Closed
Bug 781860
Opened 13 years ago
Closed 12 years ago
pesky keepalives for buildbot
Categories
(Release Engineering :: General, defect, P3)
Release Engineering
General
Tracking
(Not tracked)
RESOLVED
FIXED
People
(Reporter: cransom, Assigned: catlee)
Details
(Whiteboard: [buildbot][reit])
Attachments
(2 files, 1 obsolete file)
|
1.33 KB,
patch
|
rail
:
review+
catlee
:
checked-in+
|
Details | Diff | Splinter Review |
|
1.78 KB,
patch
|
dustin
:
review+
catlee
:
checked-in+
|
Details | Diff | Splinter Review |
We keep butting heads against firewalls when they time out stale (30 minutes with no traffic) sessions but the buildbot connection is still alive. There are several provisions to keep this from happening and I was chatting with Dustin and the one that's most useful is built into buildbot and broken in the current deployed build.
The next option is enabling kernel/tcp level keepalives which is independent of the code (as long as the code makes the necessary syscall to enable it) and from cursory glances, is being called in twisted. If it is being set, there's a one line change on the build masters to lower the keepalive to 10 minutes (or anything less than 30) and we'd never have problem with a stateful device again. I tried verifying this on a buildmaster by checking to see if SO_KEEPALIVE was set on the established connections but lsof's -T f is invalid on this platform.
The extreme win would enabling the same tweaks on the client side since if the client is driving the connection, there could be a severe network disturbance (firewall reboot or something else that would drop all state) and the sessions would be rebuilt on the firewall without dropping the connection to the buildmaster. But I would be ecstatic if we get server keepalives started and I'm more than happy to give you whatever time I have next week (and beyond) to work on this.
Comment 1•13 years ago
|
||
A read through the source on the master shows no calls to setTcpKeepAlive, although it is called on the slave. The problem with the sysctl tweak is that not all of the slaves are Linux!
So, this may require a small code change, below. I'll verify this with the in-use version of Buildbot before suggesting the patch.
diff --git a/master/buildbot/buildslave.py b/master/buildbot/buildslave.py
index e7e1d65..65ed03a 100644
--- a/master/buildbot/buildslave.py
+++ b/master/buildbot/buildslave.py
@@ -270,6 +270,8 @@ class AbstractBuildSlave(config.ReconfigurableServiceMixin, pb.Avatar,
if self.slave_status:
self.slave_status.recordConnectTime()
+ # make sure we're using TCP keepalives
+ mind.broker.transport.setTcpKeepAlive(1)
if self.isConnected():
# duplicate slave - send it to arbitration
in addition to a sysctl.conf addition something like
net.ipv4.tcp_keepalive_time = 240
I'm going to add something similar to the above patch in the latest buildbot.
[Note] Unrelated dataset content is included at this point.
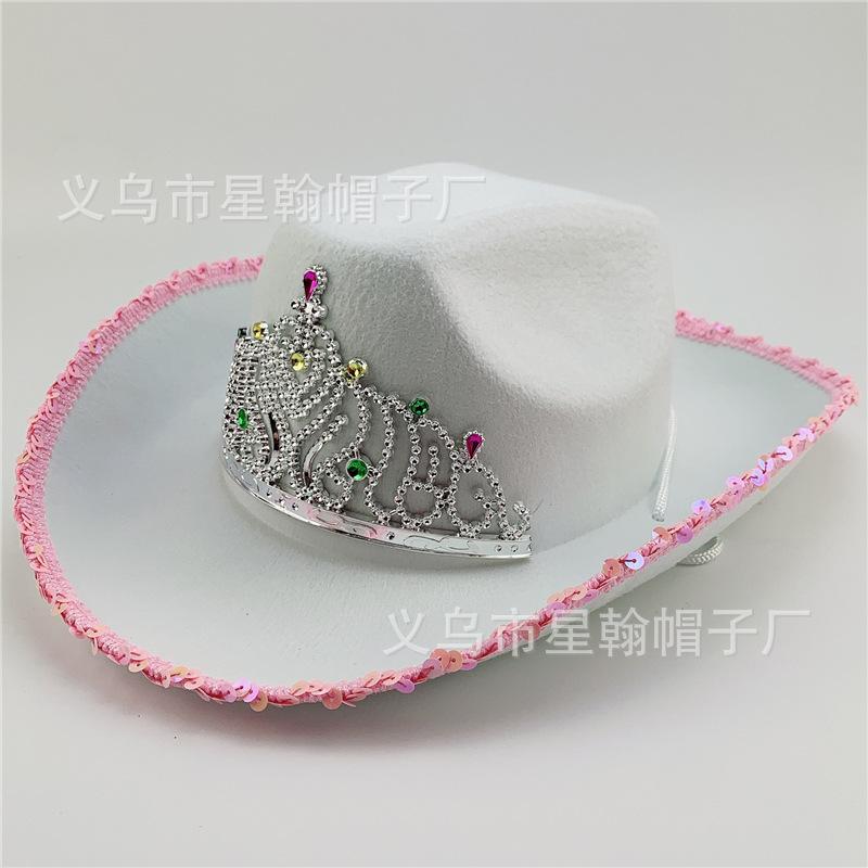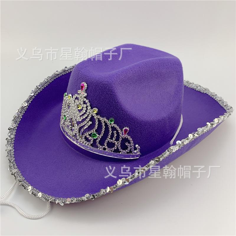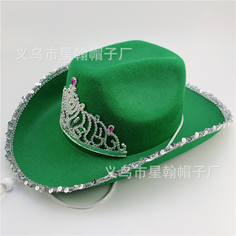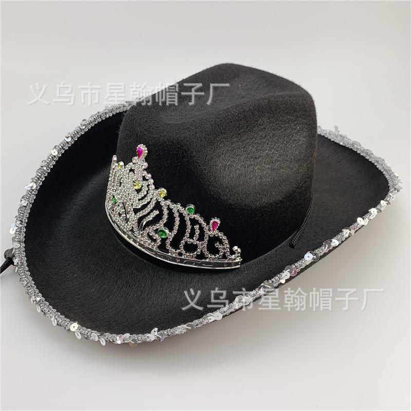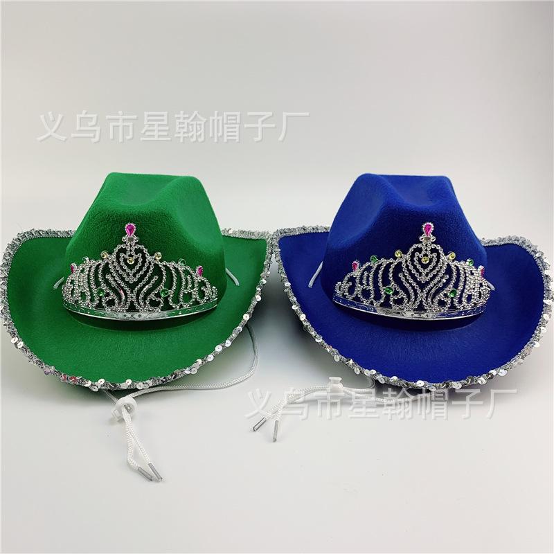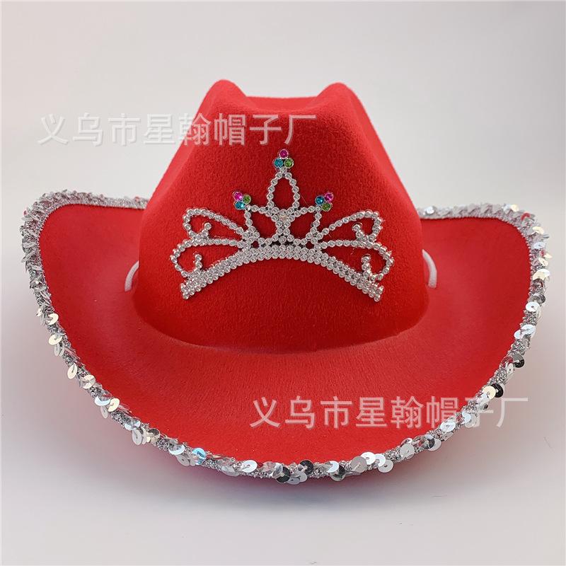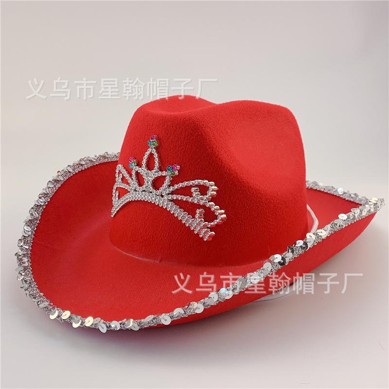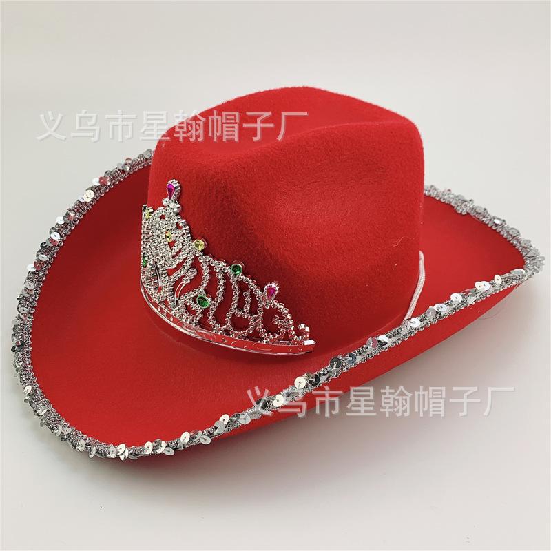 Corona Roja Halloween Mascarada Carnaval Fiesta Lentejuelas Borde Plateado Diamante Colorido Sombrero Vaquero Occidental

The backport should be simple.
Assignee: server-ops-releng → dustin
Comment 2•13 years ago
|
||
OK, I've verified that the masters are *not* setting keepalive, so the above patch would be required.
Here's the patch I committed upstream:
https://github.com/buildbot/buildbot/commit/29a30c7157ffc53f997b747894f4c3f8215285e0
So, my recommendation would be applying the patch in comment 1 to hgmo/build/buildbot, and applying the sysctl in comment 1 using puppet.
Assignee: dustin → nobody
Component: Server Operations: RelEng → Release Engineering: Automation (General)
QA Contact: arich → catlee
| Reporter | ||
Comment 3•13 years ago
|
||
Is there any idea when we can get a few minutes of someone's time to apply the very tiny patch?
| Assignee | ||
Updated•13 years ago
|
OS: Mac OS X → All
Priority: -- → P3
Hardware: x86 → All
Whiteboard: [buildbot]
Comment 4•13 years ago
|
||
Ping on this.
Comment 5•13 years ago
|
||
A few notes from my digging back into this:
This bug is *strictly* about TCP keepalives, not application-level keepalives.
We need at least one end of the connection to have SO_KEEPALIVE set *and* have the keepalive duration shorter than 30m (1800s). We know how to do that on Linux, but not really on OS X, much less Windows. The suggestion in comment 1 is to set SO_KEEPALIVE and change the duration (using sysctl) on the masters, since they're all linux. 240 is less than 1800, but is smaller than strictly required.
(In reply to Ravi Pina [:ravi] from comment #4)
> Ping on this.
Ravi - due to bug 817597 I believe we now understand the entire picture better - planning for which long term solution we use will occur in bug 817838.
(It sounds like we have some per datacenter configurations going on now, and it makes sense to sort this out before the next wave of test machines arrive.)
| Assignee | ||
Comment 7•12 years ago
|
||
Attachment #688984 -
Flags: review?(rail)
| Assignee | ||
Comment 8•12 years ago
|
||
So I tried applying the given patch to my master. I stopped the slave partway through a build and waited to see what happened.
The build step gets interrupted with:
[Failure instance: Traceback (failure with no frames): <class 'twisted.internet.error.ConnectionLost'>: Connection to the other side was lost in a non-clean fashion.
However, the socket is still active according to netstat:
tcp 0 705 10.12.48.14:9049 10.134.65.114:34762 ESTABLISHED 26583/python
| Assignee | ||
Comment 9•12 years ago
|
||
The socket finally closed itself 30 minutes later.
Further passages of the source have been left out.